Gut zuhören zu können ist die wichtigste Voraussetzung für ihr Ehrenamt im Klinikum. Das gilt natürlich auch für ihr Engagement in der Seniorenvertretung für Pirna. Ein besonders zeitaufwendiger Job, der sich jedoch lohnt, weil Sperling mit den anderen Mitstreitern viel für Pirna bewegen kann.
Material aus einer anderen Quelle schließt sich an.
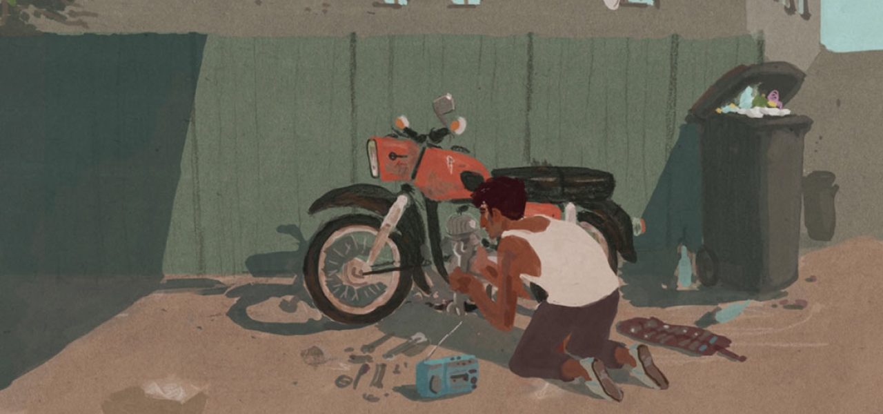 “Julius can’t sleep. To get his head empty he decides to go on a roadtrip, but somehow he can’t manage to leave. A hand-drawn film about failure, insomnia, a red motorbike, pretty bargirls, the desolateness of Berlin (even in summer) and waterproof socks.”

Unter anderem ist es der Seniorenvertretung zu verdanken, dass jetzt der Citybus durch Pirna rollt und das Tagesticket lediglich 1,50 Euro kostet. Sperling hofft, dass künftig auch der Bahnhof und das Seniorenwohnheim an der Einsteinstraße angefahren werden. Und noch einen Wunsch hat die stellvertretende Vorsitzende der Seniorenvertretung: Die Radfahrer in der Dohnaischen Straße sind ihr ein Dorn im Auge. „Wir plädieren dafür, dass die Radfahrer in der Fußgängerzone schieben müssen. Besonders im Sommer, wenn Tische und Stühle draußen stehen und viele Touristen kommen, ist es für Radfahrer und Fußgänger einfach zu eng“, sagt sie.

Ihre Ehrenämter kosten viel Zeit. Warum engagiert sie sich trotzdem? Wieder lächelt Veronika Sperling und überlegt gut. Es gibt mehrere Gründe. „Ich möchte gerne meine Erfahrung an jüngere Menschen weitergeben“, sagt sie dann. Wenn es ihr gelingt, den Menschen Zugehörigkeit und Geborgenheit zu vermitteln, hat sie viel erreicht. Dabei steht immer der Mensch für sie im Mittelpunkt. „Ich akzeptiere jeden so, wie er ist, egal ob groß, klein, dick oder dünn“, zählt sie auf. Und sie möchte nicht missverstanden werden. „Ich bekomme auch viel zurück. Manchmal ein Lächeln, manchmal ein Händedruck.“

Viele neue Aufgaben

Sich für andere einzusetzen spiegelt sich in ihrem Lebenlauf wieder. Geboren wird Veronika Sperling in Dresden. Da ihr Vater eine Arbeit beim Strömungsmaschinenbau bekommt, zieht sie mit ihren Eltern 1958 nach Pirna. Ihr Abitur mit Berufsausbildung schließt sie als Chemielaborantin ab. Nach einer Mutterschaftspause arbeitet sie im Strömungswerk, Abteilung Galvanik.

Oft geht sie am Wochenende in das Pflegeheim an der Einsteinstraße, um dort ehrenamtlich mitzuhelfen. Vielleicht bekommt sie auch deshalb, unmittelbar nachdem die Ströma schließt, 1993 eine Umschulung zur examinierten Altenpflegerin. Nach dem Abschluss stellt die Volkssolidarität Veronika Sperling ein, wo sie bis zur Rente 2012 arbeitet. Um nicht in das berühmte Loch zu fallen, stürzt sie sich sofort ins Ehrenamt und geht in ihren neuen Aufgaben auf. Zeit für den geliebten Kleingarten, Lesen, Theaterbesuche bleiben dennoch. Kein Dynamospiel in Dresden verpasst sie. „Ich war schon immer Dynamo-Fan“, sagt sie und muss schmunzeln.

Das Allerwichtigste ist jedoch ihre Familie. Ihre erwachsene Tochter, der Schwiegersohn und Enkel Marcel leben bei Münster. Trotz der Entfernung sind sie sich nah. Oft fährt Veronika Sperling hin und bekommt Gegenbesuche. „Wir halten gut zusammen“, sagt die Mutter und Großmutter. Ein warmes Strahlen huscht bei diesen Worten über ihr Gesicht.